Since the Aug. 11 surprise devaluation of the Chinese yuan, and the follow-on Aug. 24 “black Monday” Shanghai market sell-off, forex traders have had to be more cognizant of the impact of Chinese currency and Shanghai market movements. Chinese market sell-offs are becoming nearly routine occurrences and the prospects of further sell-offs are high in the coming year as uncertainty related to Chinese economic growth endures. The weakness in the Chinese economy continues to create market uncertainly as forecasts of Chinese GDP are trending lower. The World Bank forecast that Chinese GDP for 2016 would be at 6.7%, in contrast to 6.9% in 2015 may be optimistic. This slowdown has led to further devaluation of the yuan. China now faces the possibility that the USD/CNY pair will further weaken to the 7 -7.5 range and at those levels it will spill over to the financial and currency markets. The challenge to the forex trader is how to best trade and profit from these events. Based on market reactions to the Shanghai Composite Index sell-offs, the best currency pair to trade is USDJPY.
When the Shanghai Composite Index (SCHOMP) sells off, there is usually an immediate safe-haven response in the markets. This can be seen in the USDJPY’s price reaction. The yen strengthens as fear generates a risk aversion mood and capital goes to the yen (see “Safe haven”).
When the Shanghai Index resumes an upward direction, markets interpret it by selling yen and buying dollars. So the first trading directional decision in responding to Shanghai index sell-offs is to follow the crowd. Those momentum traders that are watching the Shanghai Index movements should be looking to sell USDJPY in the spot market. U.S. traders get the added benefit of being able to trade this co-movement in the evening. The opportunity to play the Chinese market continues into the next morning when the U.S. markets open. Herein the co-movements between the Shanghai Index, the S&P 500 and USDJPY require a careful watch on the price action. The USDJPY tends to move in a similar direction to the S&P, reflecting a risk aversion spillover from the previous night’s China market action.
Beyond using a momentum trading tactic, an alternative trading response to a sudden and unexpected weakening of the USDJPY in reaction to the Shanghai sell-off would be to wait for new lows to be established and then play a Fibonacci bounce-back. If the price action goes beyond the 50% Fibonacci retracement level, the retracement forces are likely to continue recovery. In a sense, trading the Shanghai Index and yuan weakness follows a classical reaction-diffusion model. The initial sell-off takes the markets by surprise, and then the diffusion of the information leads to set ups for a bounce-back.
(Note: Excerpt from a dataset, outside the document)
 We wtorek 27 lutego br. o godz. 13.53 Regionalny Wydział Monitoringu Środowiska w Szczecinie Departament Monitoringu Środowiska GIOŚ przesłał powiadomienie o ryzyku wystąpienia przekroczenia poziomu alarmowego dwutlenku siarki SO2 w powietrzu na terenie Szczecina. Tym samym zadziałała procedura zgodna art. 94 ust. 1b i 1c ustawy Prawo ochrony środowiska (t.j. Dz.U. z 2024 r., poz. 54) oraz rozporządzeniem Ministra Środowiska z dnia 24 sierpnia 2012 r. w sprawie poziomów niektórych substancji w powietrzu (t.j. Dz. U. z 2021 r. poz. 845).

Beyond trading the USDJPY, traders also should consider looking closely at the Mexican peso. Like the yen it often correlates with the Shanghai Index. A weaker Chinese yuan makes Mexican exports less competitive. If the yuan continues to weaken and starts probing the 7 to 7.5 price range, there will be huge pressure on the Mexican central bank to weaken the peso.
It is hard to access the Chinese market directly but there are many proxies you can use to take advantage of the current volatility surrounding China.